Creates a tensorflow Dataset object that will load a specified split of version.

This function handles the necessary Dataset operations to parallelize the loading operation. Since image loading can be slow, it is recommended to have num_workers set to a value greater than 1. By default, it will try to load one image per CPU.

If you intend to use the dataset across multiple processes or computers, consider using create_tf_multi_worker_dataset instead.

Expand source code
def create_dataset(
        dataset: Dataset,
        split: str,
        input_class_mapping: Optional[Dict[str, int]] = None,
        num_workers: int = cpu_count() or 1,
        input_context: Optional[tf.distribute.InputContext] = None
):
    """
    Creates a tensorflow `Dataset` object that will load a specified split of `version`.

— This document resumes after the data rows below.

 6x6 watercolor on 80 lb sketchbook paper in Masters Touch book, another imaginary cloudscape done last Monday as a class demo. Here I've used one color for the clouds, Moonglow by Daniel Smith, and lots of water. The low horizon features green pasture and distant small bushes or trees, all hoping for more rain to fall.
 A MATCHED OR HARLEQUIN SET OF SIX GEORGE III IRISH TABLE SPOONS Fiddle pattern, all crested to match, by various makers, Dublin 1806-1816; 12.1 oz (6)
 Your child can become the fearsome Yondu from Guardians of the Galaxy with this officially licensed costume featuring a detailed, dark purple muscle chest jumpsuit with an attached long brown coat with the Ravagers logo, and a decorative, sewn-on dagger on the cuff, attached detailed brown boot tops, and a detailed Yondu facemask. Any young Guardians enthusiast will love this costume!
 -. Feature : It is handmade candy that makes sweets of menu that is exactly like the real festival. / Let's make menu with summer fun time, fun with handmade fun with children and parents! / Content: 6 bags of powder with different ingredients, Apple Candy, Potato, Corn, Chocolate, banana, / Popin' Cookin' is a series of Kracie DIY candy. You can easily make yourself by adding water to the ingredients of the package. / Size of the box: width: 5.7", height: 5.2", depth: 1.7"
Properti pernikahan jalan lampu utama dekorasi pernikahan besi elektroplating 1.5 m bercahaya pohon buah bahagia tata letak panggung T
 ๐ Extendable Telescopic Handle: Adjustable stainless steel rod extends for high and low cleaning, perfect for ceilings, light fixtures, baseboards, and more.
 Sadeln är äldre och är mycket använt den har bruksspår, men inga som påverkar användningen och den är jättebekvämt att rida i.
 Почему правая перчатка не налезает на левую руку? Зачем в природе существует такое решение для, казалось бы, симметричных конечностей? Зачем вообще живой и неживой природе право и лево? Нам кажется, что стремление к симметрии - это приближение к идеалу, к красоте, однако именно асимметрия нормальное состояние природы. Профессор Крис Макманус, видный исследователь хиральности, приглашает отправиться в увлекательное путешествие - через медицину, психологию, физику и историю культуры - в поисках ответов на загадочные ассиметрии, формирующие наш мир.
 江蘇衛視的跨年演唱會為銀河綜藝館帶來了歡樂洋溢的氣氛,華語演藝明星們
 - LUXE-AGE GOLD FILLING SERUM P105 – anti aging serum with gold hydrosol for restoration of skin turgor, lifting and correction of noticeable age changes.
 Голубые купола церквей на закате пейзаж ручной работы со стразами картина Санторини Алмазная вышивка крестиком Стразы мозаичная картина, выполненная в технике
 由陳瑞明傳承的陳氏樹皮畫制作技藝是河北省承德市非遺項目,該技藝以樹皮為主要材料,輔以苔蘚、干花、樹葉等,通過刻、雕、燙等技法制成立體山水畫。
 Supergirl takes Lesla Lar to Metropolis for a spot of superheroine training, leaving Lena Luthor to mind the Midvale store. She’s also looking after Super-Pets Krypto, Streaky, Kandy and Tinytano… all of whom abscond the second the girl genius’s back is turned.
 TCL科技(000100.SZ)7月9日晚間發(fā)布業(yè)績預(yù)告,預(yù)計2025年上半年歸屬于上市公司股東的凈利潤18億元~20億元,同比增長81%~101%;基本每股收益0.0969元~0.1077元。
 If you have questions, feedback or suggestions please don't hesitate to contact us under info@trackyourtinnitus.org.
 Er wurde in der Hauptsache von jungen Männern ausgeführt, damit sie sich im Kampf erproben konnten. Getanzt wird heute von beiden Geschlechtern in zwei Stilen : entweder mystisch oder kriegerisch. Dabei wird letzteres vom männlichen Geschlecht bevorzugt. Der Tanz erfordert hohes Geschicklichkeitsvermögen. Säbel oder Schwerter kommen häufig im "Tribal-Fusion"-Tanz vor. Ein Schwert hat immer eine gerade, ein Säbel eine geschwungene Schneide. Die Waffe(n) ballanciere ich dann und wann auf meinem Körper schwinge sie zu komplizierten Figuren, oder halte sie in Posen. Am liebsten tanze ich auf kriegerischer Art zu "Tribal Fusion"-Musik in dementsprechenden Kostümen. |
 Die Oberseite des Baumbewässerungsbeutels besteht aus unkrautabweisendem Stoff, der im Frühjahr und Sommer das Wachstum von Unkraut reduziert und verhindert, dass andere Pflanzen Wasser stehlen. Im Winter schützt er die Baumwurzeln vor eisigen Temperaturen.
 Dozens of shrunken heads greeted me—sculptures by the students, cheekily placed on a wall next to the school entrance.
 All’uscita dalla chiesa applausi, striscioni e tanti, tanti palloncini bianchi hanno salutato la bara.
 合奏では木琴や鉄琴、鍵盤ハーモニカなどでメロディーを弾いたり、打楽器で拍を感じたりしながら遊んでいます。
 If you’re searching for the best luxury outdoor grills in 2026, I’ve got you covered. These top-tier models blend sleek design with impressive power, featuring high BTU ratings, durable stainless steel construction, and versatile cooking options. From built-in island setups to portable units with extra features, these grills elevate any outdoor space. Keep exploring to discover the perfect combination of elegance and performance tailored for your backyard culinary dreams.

    This function handles the necessary `Dataset` operations to parallelize the loading
    operation. Since image loading can be slow, it is recommended to have `num_workers`
    set to a value greater than 1. By default, it will try to load one image per CPU.

    If you intend to use the dataset across multiple processes or computers, consider
    using `create_tf_multi_worker_dataset` instead.
    """
    class_mapping = _get_class_mapping(dataset, input_class_mapping)

    def gen():
        worker_id = input_context.input_pipeline_id if input_context is not None else 0
        num_workers = input_context.num_input_pipelines if input_context is not None else 1

        for droplet in dataset.stream_split(split, worker_id, num_workers):
            image_url = tf.constant(droplet.image.paths[0])

            bounding_boxes = tf.stack([
                tf.constant(i.bounding_box.rectangle.to_xywh_tuple(), shape=(4,), dtype=tf.float64)
                for cls in droplet.classes.keys()
                for i in droplet.classes[cls].instances
                if i.bounding_box is not None
            ])

            labels = tf.stack([
                tf.constant(class_mapping[cls], dtype=tf.int32)
                for cls in droplet.classes.keys()
                for _ in droplet.classes[cls].instances
            ])

            yield (image_url, bounding_boxes, labels)

    def _load_img_fn(image_url: tf.Tensor):
        res = requests.get(image_url.numpy().decode("ascii"))
        img = tf.io.decode_jpeg(res.content, channels=3)
        return img

    def load_img_fn(image_url: tf.Tensor):
        return tf.py_function(_load_img_fn, inp=(image_url,), Tout=(tf.uint8,))

    def map_fn(image_url: tf.Tensor, boxes: tf.Tensor, labels: tf.Tensor):
        return (load_img_fn(image_url), boxes, labels)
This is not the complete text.